# 1936 Bluebird on CL



## tesch (Apr 6, 2014)

Here's the link. Located in NC and is posted all over CL. http://santabarbara.craigslist.org/bik/4409208305.html


----------



## Freqman1 (Apr 6, 2014)

Finding a rack, seat, and correct fenders for that is going to be a chore and not cheap either. I personally think it's over the money at that price. V/r Shawn


----------



## rollfaster (Apr 6, 2014)

*1936 bluebird*



Freqman1 said:


> Finding a rack, seat, and correct fenders for that is going to be a chore and not cheap either. I personally think it's over the money at that price. V/r Shawn




im with ya there shawn.so much to do on this bike and with all the parts to hunt down,just too much cash.


----------



## bikewhorder (Apr 6, 2014)

Yeah but it's still exciting to see a fresh one come to the marketplace, but I agree way over the money.


----------



## fordmike65 (Apr 6, 2014)

So I guess this one wasn't so bad at $5,500. Included a newly restored seat too.


----------



## Talewinds (Apr 6, 2014)

Freqman1 said:


> Finding a rack, seat, and correct fenders for that is going to be a chore and not cheap either. I personally think it's over the money at that price. V/r Shawn




Don't forget the correct pedals, replacement grips, ornament, speedo, etc, etc. 

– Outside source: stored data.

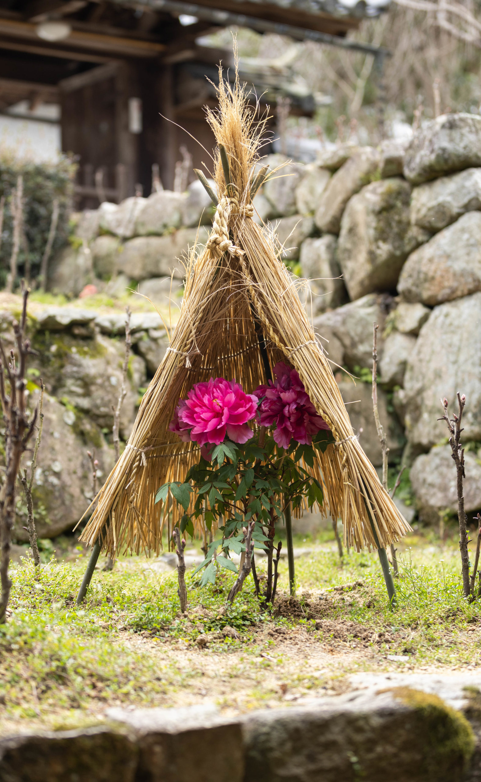 長谷寺の境内を入ると、初めに寒牡丹が目にとまる。
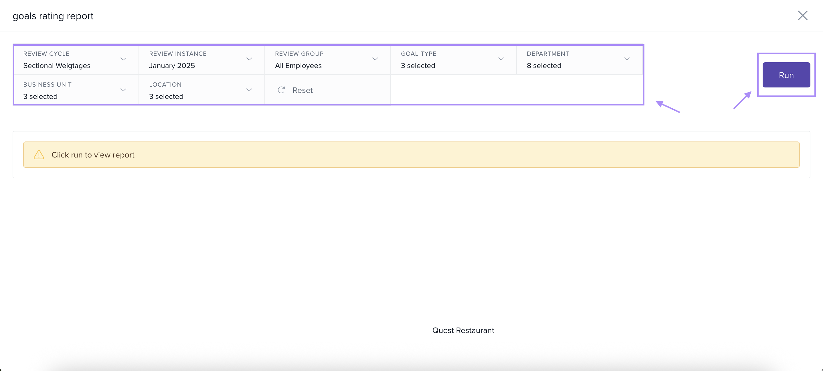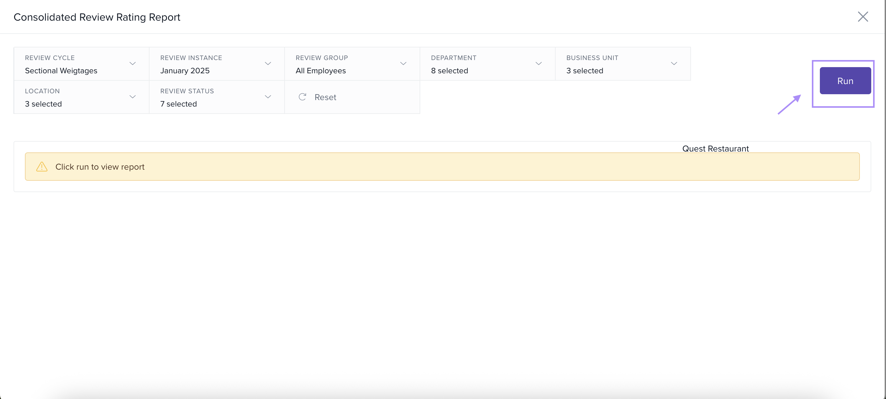 After selecting the filters, click Run to generate the report.
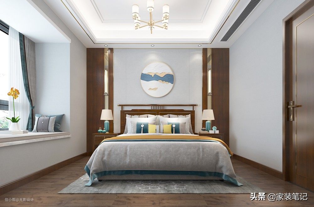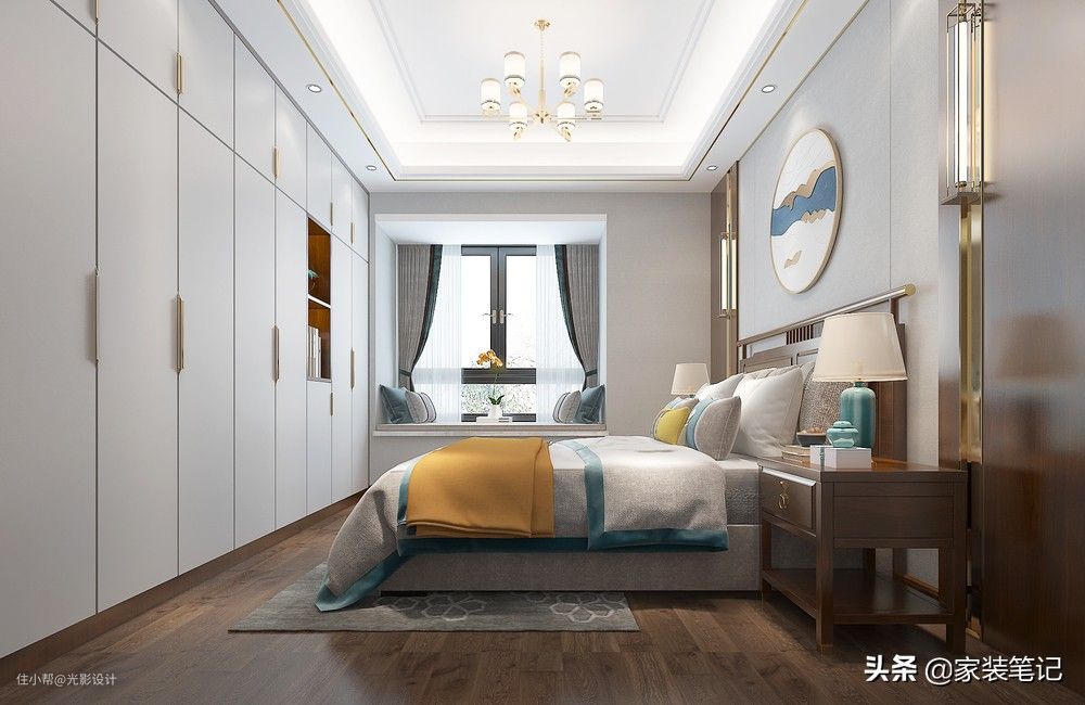 主卧室的主要硬装特色亮点就在于床头,这也是卧室里面的视觉焦点,中间一幅圆形的画,来展现出中式的传统艺术特色,两边对称式的护墙板造型,还有壁灯对称,中式味十足。另外床尾还有一整面墙的衣柜,储物收纳是真的强大,整个卧室非常赞。
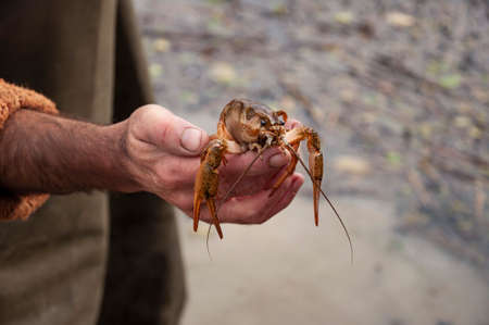 large crayfish caught in the river close background
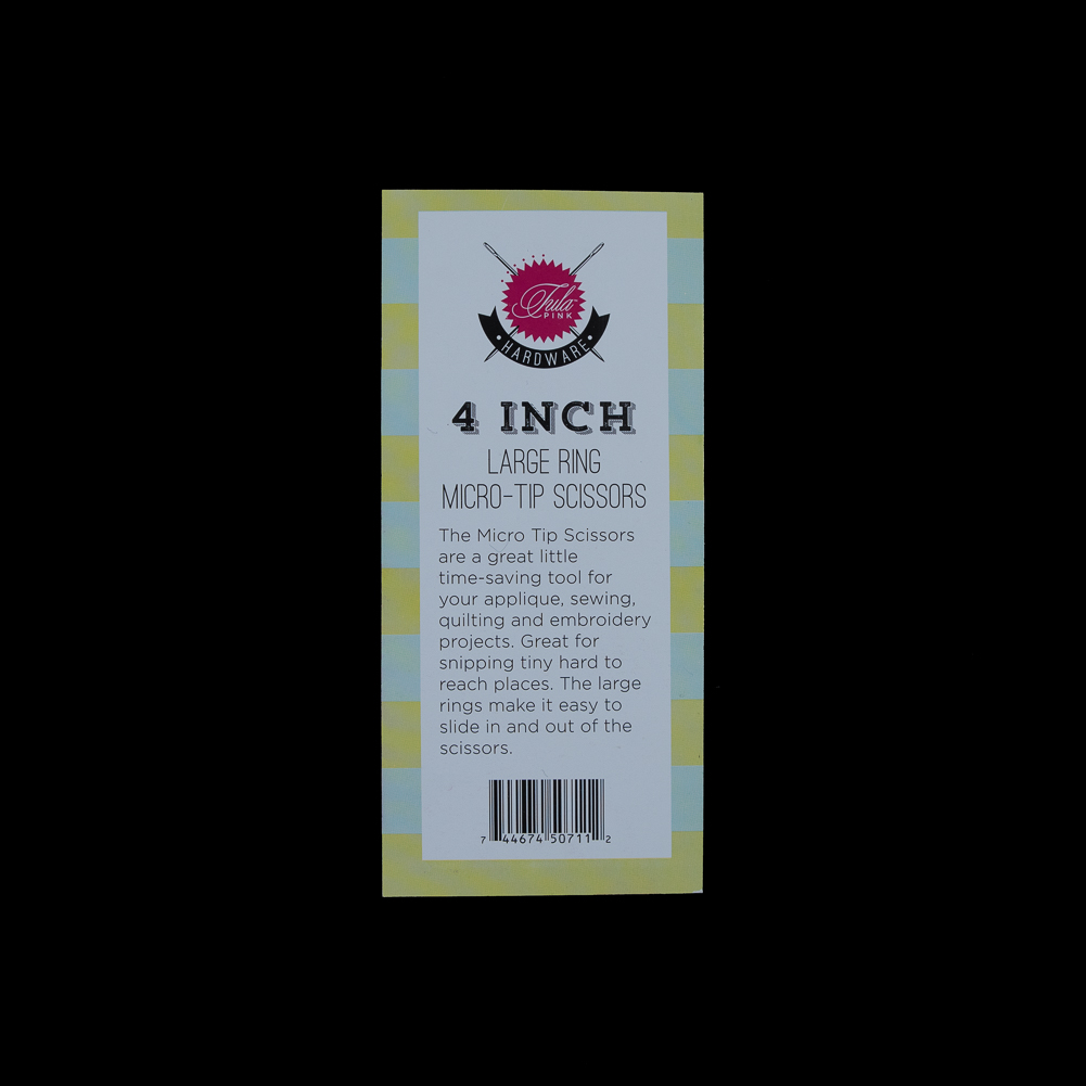 Shouldn't your gear reflect your style as well? These Tula Pink Oil Slick 4" Large Ring Micro Scissors is a must for the edgy and flashy sewer! Its German-grade steel is given a rainbow oil slick finish and anchored by a 22K gold-plated screw. Not only does it cut with ease, it has a micro tip for those hard to reach places. Perfect for any sewer or embroidery artist, give it as a gift or keep it for yourself!

That's a terrific early Bluebird, but it's Bluebird in form only. That thing shouldn't bring half of what they're asking. There are equally as rare and special bikes complete and NICE currently for sale out there for less that aren't selling.


----------



## RJWess (Apr 6, 2014)

This bike seems to be on the majority of everyone’s top ten want list. The supply and demand will dictate the price. He will probably get the asking price if not very close to it. The most important piece is there, the bike. Just my opinion.


----------



## jkent (Apr 7, 2014)

Post has been deleted, wonder if it sold? 
Man I want a bluebird


----------



## Nickinator (Apr 7, 2014)

bluebird prices go all over the place. I myself can't even find a steady value for them month to month.

Nick.


----------



## rlhender (Apr 7, 2014)

Nickinator said:


> bluebird prices go all over the place. I myself can't even find a steady value for them month to month.
> 
> Nick.





So tell me how many you have seen sell over the last 12 months and at what price?

Thanks


----------



## Freqman1 (Apr 7, 2014)

I know of one really nice original that traded at about $12k a couple of fairly complete but condition 5/6 at around $8000-8500, one rough pretty complete but needing resto at about $5500, the Copake bike last year $12k?, and didn't Strucel have one for sale a year or so ago for $12K? These were all '35-7 BBs. The bottom line is enough of these trade hands to establish the market. Personally this is one of those bikes I'm not touching unless its complete. This bike is on my near term hit list just need to clear some other financial obligations and find someone willing to work with me. V/r Shawn


----------



## prewarbikes4sale (Apr 7, 2014)

*Bluebird*

The Copake Bluebird sold for 15.400. Strucels bike was offered at 14000.00


----------



## scrubbinrims (Apr 7, 2014)

Bluebirds fluctuate in value based on condition, completeness, and who/where the players are as anything else...just that the ceiling is much higher than other prewar balloon tires and they are most commonly found missing model specific parts swinging price much greater than if they were shared among models and of more common examples.
Did anyone capture a photo of this bike they can post, I didn't see it?
Chris


----------



## Bri-In-RI (Apr 7, 2014)

Here is a pic of it from Double Nickle's American Vintage Bicycle Supply FB page-


----------



## Freqman1 (Apr 7, 2014)

prewarbikes4sale said:


> The Copake Bluebird sold for 15.400. Strucels bike was offered at 14000.00




Thanks Mike--I couldn't remember exactly what the Copake bike sold for or Strucel was asking. Did the Strucel bike sell? I think Gary M. got about $15k for his but that was an exceptional resto in my book. V/r Shawn


----------



## prewarbikes4sale (Apr 7, 2014)

*BB*

I  bought the Strucel Bike. The restoration is exceptional. I agree Gary M. Bike was Super Nice! and worth every Dime. Mike


----------